▶ **ABOUT THIS EXERCISE**: Below is a listing; transcribe it exactly but without any images.

EXCERPTED RECORDS: Begin

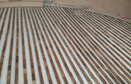 防潮膜在木龙骨的上面呈波浪形,地板与防潮膜之间产生较大缝隙,潮湿空气就很容易进入到缝隙中,在潮湿空气的作用下,地板产生膨胀及瓦状变形。
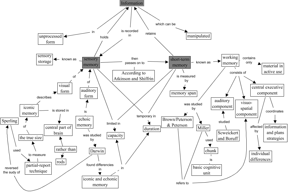 This Concept Map, created with IHMC CmapTools, has information related to: Memory - Modal Model, working memory consists of visuo- spatial component, chunk is basic cognitive unit, auditory form of sensory memory, Information is recorded in sensory memory, Darwin reversed the sudy of Sperling, Information in unprocessed form, Scweickert and Boruff studied auditory component, echoic memory was studied by Darwin, Brown/Peterson & Peterson refers to visuo- spatial component, sensory memory holds Information, iconic memory describes visual form, working memory consists of central executive component, Information which can be manipulated, iconic and echonic memory in duration, rather than ???? central part of brain, working memory was studied by Miller, rather than in rods, iconic and echonic memory in capacity, Sperling used partial-report technique, short-term memory limited in capacity
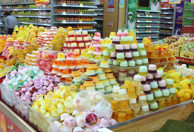 類似果凍這樣的硬包裝類散裝零食可以采用逐層遞增的方式陳列,俗稱步步高陳列。這樣陳列的好處是讓商品展示效果更有層次,美觀性更強(qiáng)。
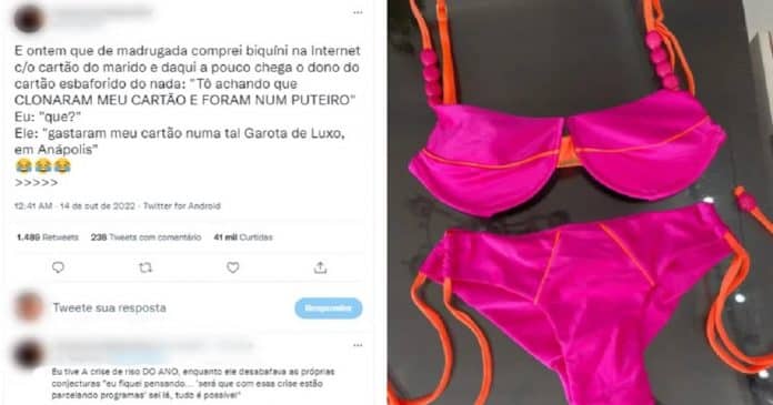 Uma mulher viralizou nas redes sociais após fazer um post contando que comprou um biquíni pela internet e o marido pensou que o cartão de crédito dele tivesse sido clonado e usado em uma casa de prostituição. O que causou o mal entendido é o fato de a loja, que fica em Anápolis, a 55 quilômetros de Goiânia, se chamar “Garota de Luxo”. A compradora vive no Rio de Janeiro.
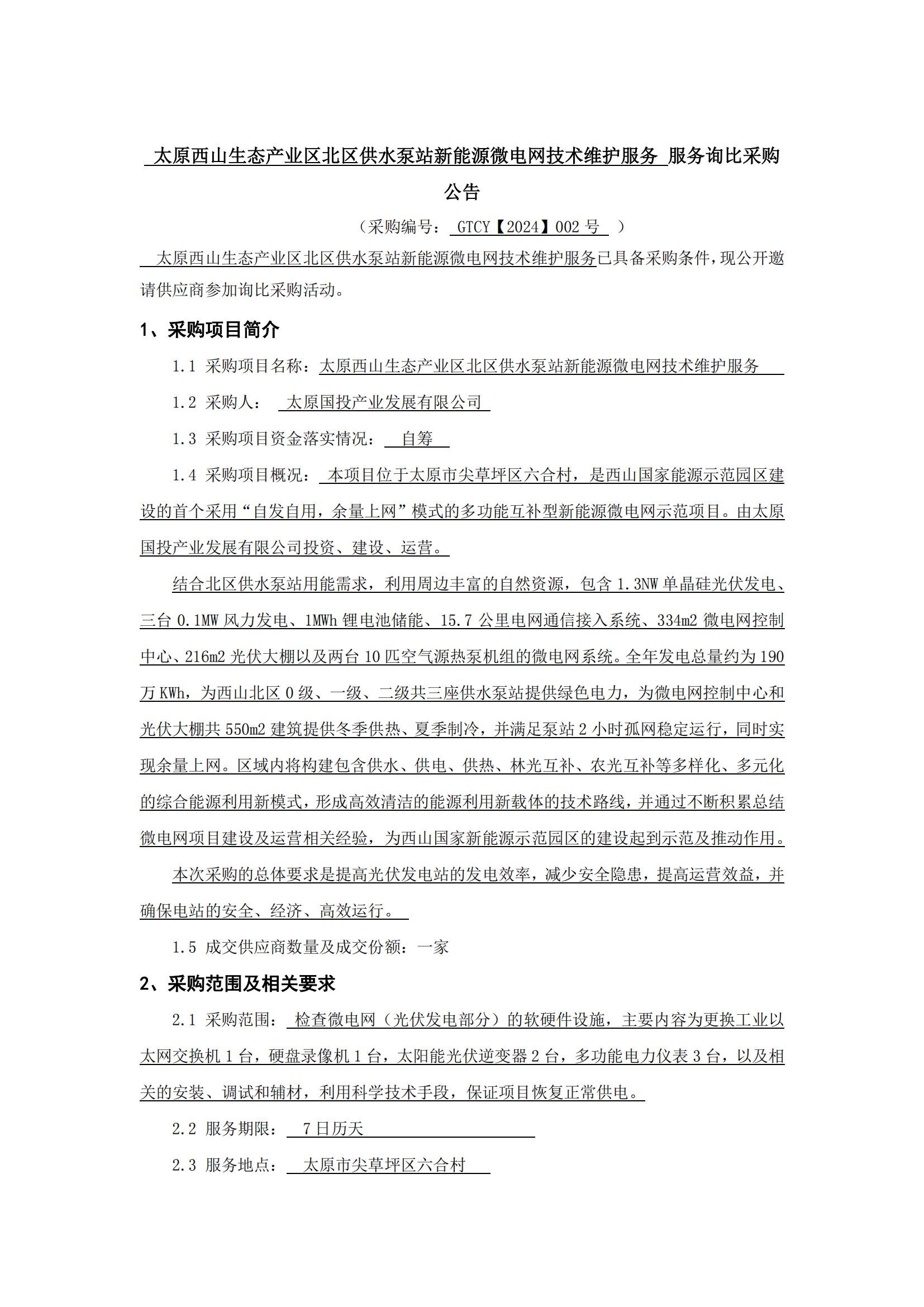 太原西山生態產業區北區供水泵站新能源微電網技術維護服務服務詢比采購公告

EXCERPTED RECORDS: End

▶ **REPLY TO THE TASK**:
 防潮膜在木龙骨的上面呈波浪形,地板与防潮膜之间产生较大缝隙,潮湿空气就很容易进入到缝隙中,在潮湿空气的作用下,地板产生膨胀及瓦状变形。
 This Concept Map, created with IHMC CmapTools, has information related to: Memory - Modal Model, working memory consists of visuo- spatial component, chunk is basic cognitive unit, auditory form of sensory memory, Information is recorded in sensory memory, Darwin reversed the sudy of Sperling, Information in unprocessed form, Scweickert and Boruff studied auditory component, echoic memory was studied by Darwin, Brown/Peterson & Peterson refers to visuo- spatial component, sensory memory holds Information, iconic memory describes visual form, working memory consists of central executive component, Information which can be manipulated, iconic and echonic memory in duration, rather than ???? central part of brain, working memory was studied by Miller, rather than in rods, iconic and echonic memory in capacity, Sperling used partial-report technique, short-term memory limited in capacity
 類似果凍這樣的硬包裝類散裝零食可以采用逐層遞增的方式陳列,俗稱步步高陳列。這樣陳列的好處是讓商品展示效果更有層次,美觀性更強(qiáng)。
 Uma mulher viralizou nas redes sociais após fazer um post contando que comprou um biquíni pela internet e o marido pensou que o cartão de crédito dele tivesse sido clonado e usado em uma casa de prostituição. O que causou o mal entendido é o fato de a loja, que fica em Anápolis, a 55 quilômetros de Goiânia, se chamar “Garota de Luxo”. A compradora vive no Rio de Janeiro.
 太原西山生態產業區北區供水泵站新能源微電網技術維護服務服務詢比采購公告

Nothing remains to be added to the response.